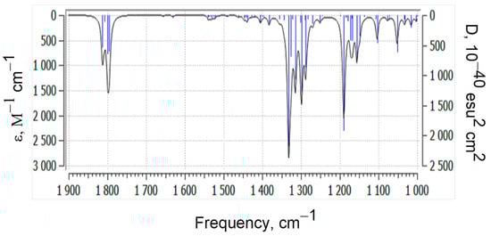 Absorption region 1900–1000 cm−1 of the theoretical spectrum of the model compound (B3LYP/6-31G(d) method.
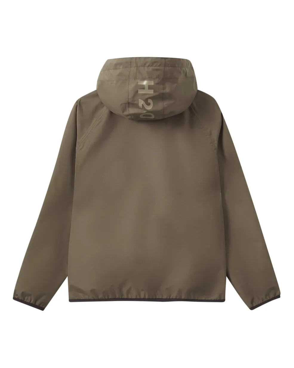 Let regnjakke fra H2O i farven Dusty Oak. Jakken er fremstillet af genbrugt polyester med tapede sømme og ECO-vandafvisning.
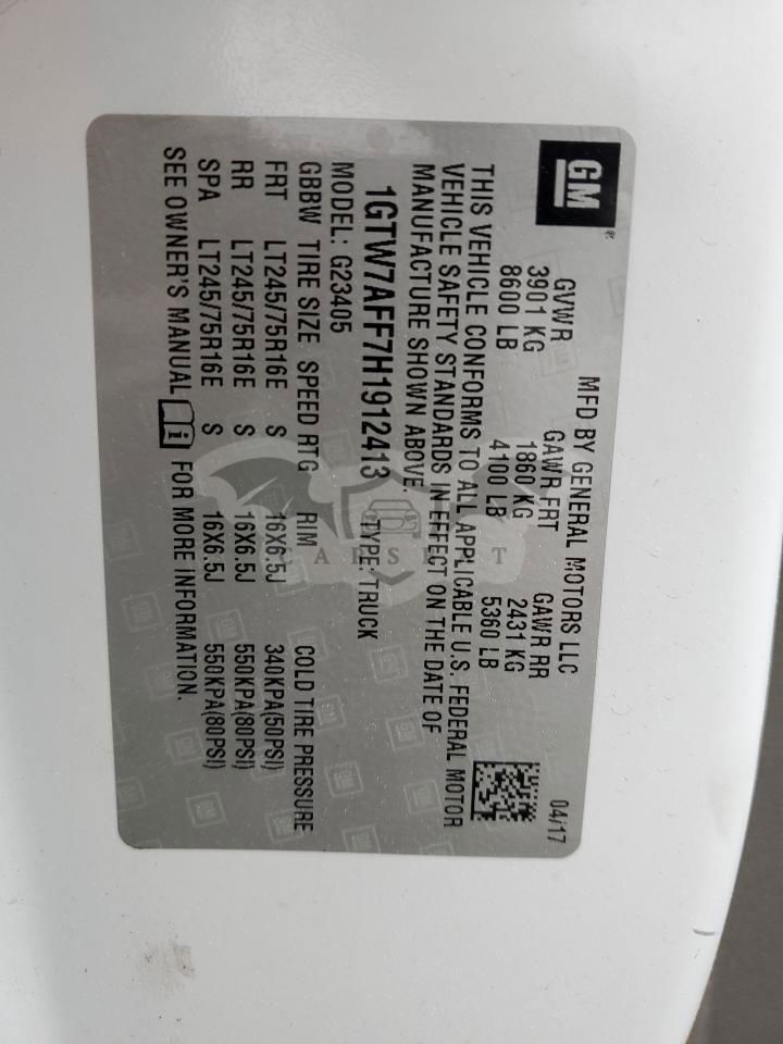 • VIN: 1GTW7AFF7H1912413
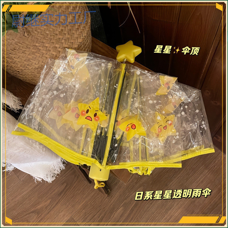 Yp 우산 우산 귀여운 별 ins 접는 어린이 우산 완전 자동 신선하고 투명한 긴 손잡이 학생 만화 플러스스토어 가기

## Task item
Once the line holding "Let regnjakke fra" is found, copy it and each later line exactly through the end of the data, leaving out the pictures.

## Answer for this exercise
 Let regnjakke fra H2O i farven Dusty Oak. Jakken er fremstillet af genbrugt polyester med tapede sømme og ECO-vandafvisning.
 • VIN: 1GTW7AFF7H1912413
 Yp 우산 우산 귀여운 별 ins 접는 어린이 우산 완전 자동 신선하고 투명한 긴 손잡이 학생 만화 플러스스토어 가기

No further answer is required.